In 1943, John G. Schwegmann purchased land for US$18,000 at the intersection of St. Claude Avenue and Elysian Fields Avenue in New Orleans for the purpose of building a large grocery store. Construction was delayed because of materials shortages resulting from World War II. The project was self-funded, and John G. Schwegmann did much of the construction work himself, including the design, all with the assistance of his brother Paul Schwegmann, although they used specialty contractors for certain aspects of construction. The store opened on August 23, 1946, completing construction at a cost of $1.50 per square foot. This first store was 16,000 square feet, which was only somewhat larger than the average grocery store in the United States at the time (10,000 square feet).

John G. Schwegmann expanded his operations to develop a chain of supermarkets that operated in southeast Louisiana, principally the Greater New Orleans Metropolitan area. Unlike subsequent big box retailers, Schwegmann retained a strong regional loyalty and declined opportunities to further expand geographically.

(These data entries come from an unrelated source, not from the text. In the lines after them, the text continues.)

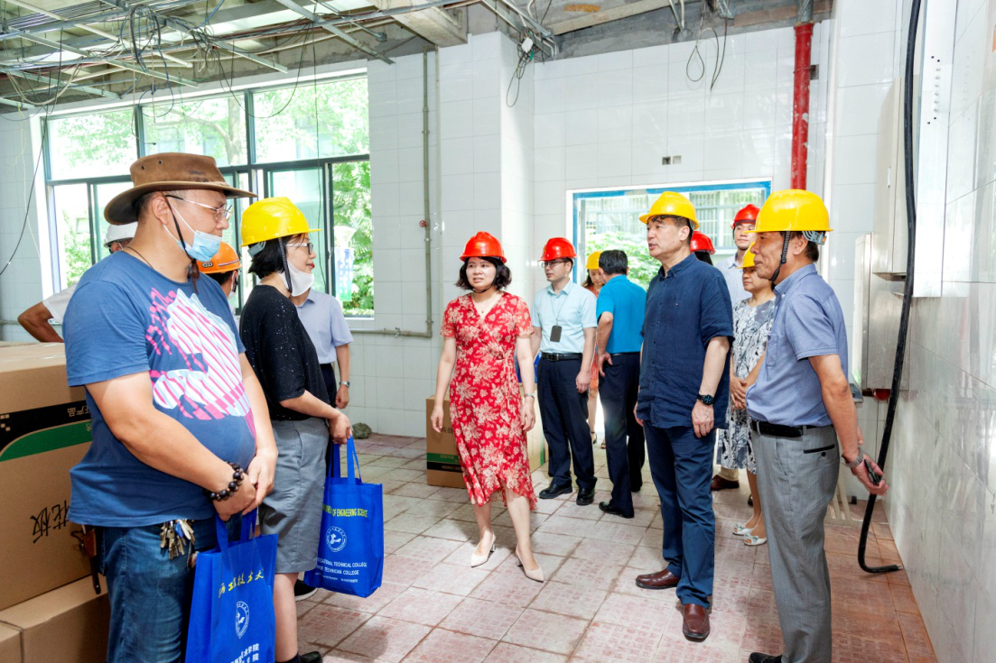 在食堂一楼工程施工现场,朱晓青副书记、副校长听取了工程施工进程,叮嘱他们要把安全施工放在首位,并且要切实做好防暑降温工作。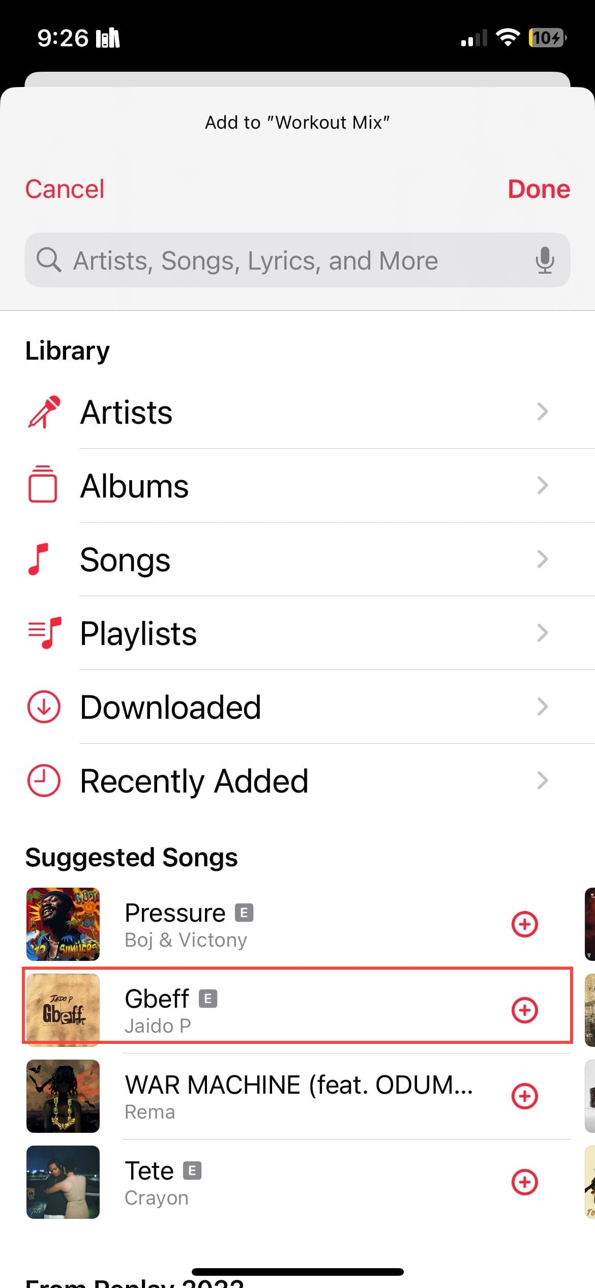 You’ll be directed to a screen where you can search for songs or browse through your library. Tap on the songs you want to include in the playlist. You can add individual songs or entire albums.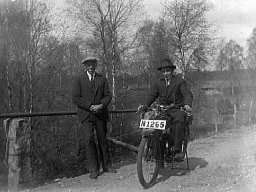 Två män på en grusväg. Mannen som sitter i hatt på motorcykeln, med stödet nedfällt, är Gösta Karlsson i Våghult, Krogsered.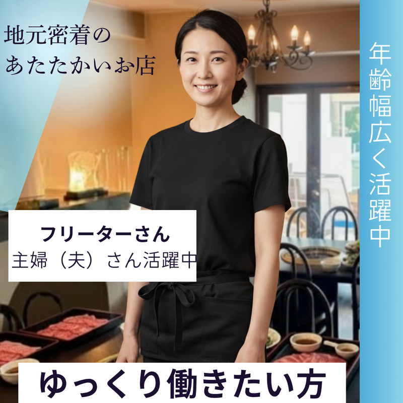仕事内容 ╭━━━━━━━━━━━━╮ ⭐地元密着のあたたかいお店 負担少なめの飲食店ホールスタッフ ╰━━━v━━━━━━━━╯ ✨週3日~勤務OK!曜日・時間相談可 ✨飲食店・接客未経験も大歓迎! ✨お昼は11:00~14:00までの主婦(夫)さん活躍中! ✨Wワークや副業と両立しているフリーターさん活躍中 ✨年末年始出れる方優遇 ┈┈┈┈┈┈┈୨୧┈┈┈┈┈┈┈ 当店は、地元の常連さんが多く、アットホームで落ち着いた雰囲気が自慢のお店です。 「地元で無理なく、ゆっくり働きたい」 「安定性よりも負担の少なさを重視したい」 【具体的な仕事内容】 〇お客様のご案内 〇料理やドリンクの提供 〇テーブル片付けやセット 〇お会計 ■タブレット注文なのでオーダー伺いはありません! ■常連様が多いお店なので、ばたばた慌ただしい感じもなし! ■飲食業未経験もOK♪ ■ホールの専属勤務ですが、希望があればキッチンもお任せします◎ ⏩11時から14時のランチタイムは子供へ【いってらっしゃい!おかえりなさい!】が言える時間帯♪ ⏩週3日で短い時間で少しでも働きたい方やWワークで夕方まで働きたい方など両立できます! ⏩扶養内勤務もOK!地元で働きたい方!車通勤や自転車通勤OK!

Because of his interest in opposing price-fixing, Schwegmann pursued a career in local and state politics, which took him away from full time management of Schwegmann Brothers Giant Supermarkets. His political offices included terms in the Louisiana State Legislature and as Public Service Commissioner.

In 1978, John G. Schwegmann publicly described the business model for his stores, emphasizing everyday low prices, rapid turnover of inventory, and one-stop shopping. At the same time, he reiterated his commitment to exclusively serving the market of the Greater New Orleans Metropolitan area. He acknowledged the potential leverage that national chains could have.

Following his stroke in 1977, John G. Schwegmann withdrew from management of Schwegmann Brothers Giant Supermarkets.

===John F. Schwegmann===
John Francis Schwegmann is the son of John G. Schwegmann. He worked for Schwegmann Brothers Giant Supermarkets starting as a young adult, holding a variety of management positions. In 1979, John Francis Schwegmann purchased the grocery store chain from his father John Gerald Schwegmann. He then became the chief executive officer.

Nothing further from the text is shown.